Он покачал головой, в глазах удивление:
– Я просто не ждал от вас таких быстрых и крутых действий. Вы же политик, настоящий мудрый и осторожный политик! К тому же демократ до мозга костей, общечеловек, вас на Западе только таким и представляют. Вы для них щит против русского тоталитаризма, фашизма, расизма, шовинизма и даже автаркизма! И вдруг такие слова… Господи, да такие вопросы вообще не людьми решаются!
– Богами?
– Да богами ли, историческим процессом, неотвратимостью хода истории – на что только мы не списываем результаты действий отдельных людей или инициативных групп! Но чтоб вот так прямо в лоб: оставить жизнь России или же умертвить ее… даже не представляю! От вас такой решимости не ожидал. Да еще срок, если вы серьезно, всего две недели!
– Мало?
– Мало ли? – ахнул он. – Такие вопросы решаются столетиями!
Я сказал горько:
– Уже нет. Если не решим, решат за нас. Если не решим быстро, успеют решить другие.
Он кивнул:
– Да, мир таков. Не решишь, так тебя решат. Но поспешность в решениях вам раньше была не свойственна, не свойственна.

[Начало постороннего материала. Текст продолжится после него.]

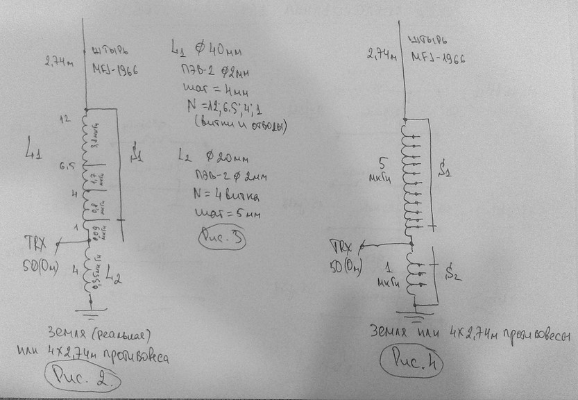R1BBE писал(а): Подскажите программу или сайт, где можно расчитать удлиняющую катушку для GP. У меня есть MFJ-1966, фактически хлыст линной 2.7 метра, хочу попробовать его на 12, 15 и 17 метровые диапазоны с удлиняющей катушкой, да не хватает знаний. Штырь MFJ-1966 при длине 2.74 м на ВЧ диапазонах имеет комплексное сопротивление, поэтому для того, что бы согласовать его на этих диапазонах можно применить блок согласования, который представлен на рисунках. Там же указаны величины сопротивлений в зависимости от диапазона. На рис.1 нарисованы согласующие звенья для каждого диапазона по отдельности, а на рис.2 схема совмещенного блока согласования для упрощения конструкции. На рис.3 параметры катушек. На рис.4 расширенная схема, если антенна будет эксплуатироваться в мобильном режиме. Подробней хотелось остановиться на «ЗЕМЛЕ». Все расчеты проводились для антенна стоящей прямо на земле, именно на земле, т.е. небольшой штырек воткнут в землю и к нему уже подключается оплетка кабеля. Если антенна будет устанавливаться на крыше дома, то необходимо 4-е противовеса по 2.74 метра. Особо остановлюсь про установку антенны на крышу автомобиля. Установка КВ антенны на крышу авто это зло, которое еще нужно поискать. Если антенна используется в движении, тогда да, деваться не куда. Но если антенна используется на стоянках и остановках, то лучше антенну размещать прямо на земле. Автомобиль имеет резиновые покрышки и получается изолированным от земли, а это эквивалентно конденсатору. И что получается при установке магнитного крепления, которое связано с крышей авто через конструктивную емкость (при диаметре 145 мм емкость равна 415 пф), да еще и авто это конденсатор, то получаем последовательное соединение емкостей, что уменьшает связь с землей и увеличивает потери. Дальше больше антенна получается сильно расстроенной, площади крыши не хватает для работы в качестве противовеса и т.д. Все штыри проектируются при установке на землю, имеется в виду укороченные штыри типа MFJ и т.п. Если штырь снять с авто и просто установить на землю получится очень большая разница в работе одной и той же антенны, при естественно ее согласовании.

– Все убыстряется, – ответил я. – Те процессы, на которые раньше уходили тысячи лет, теперь проходят за десяток лет. А что укладывалось в сотни, теперь может промелькнуть за неделю. А кто не успел, тот опездол, как говорит мой внук. Если я хороший политик, то должен понимать, где медленно и осторожно, а где – быстро и… как можно быстрее. Тут неважно, демократ или не демократ. Когда десять дорог ведут в пропасть, а одна выводит к жизни, то я выберу ту, что к жизни, даже если она ведет не совсем по демократической тропке. Знаете ли, перед инстинктом выживания как-то отступают законы Юстиниана. Есть законы, что вложены нам в души свыше, при рождении. А они велят, что надо жить самим и обязательно спасти свой род, племя, народ. Для Господа, дорогой Глеб Борисович, каждый народ – избранный!
Он слушал внимательно, взглянул на часы.
– Господин президент, до обеда еще полчасика… но раз уж совещание закончено, не пообедать ли?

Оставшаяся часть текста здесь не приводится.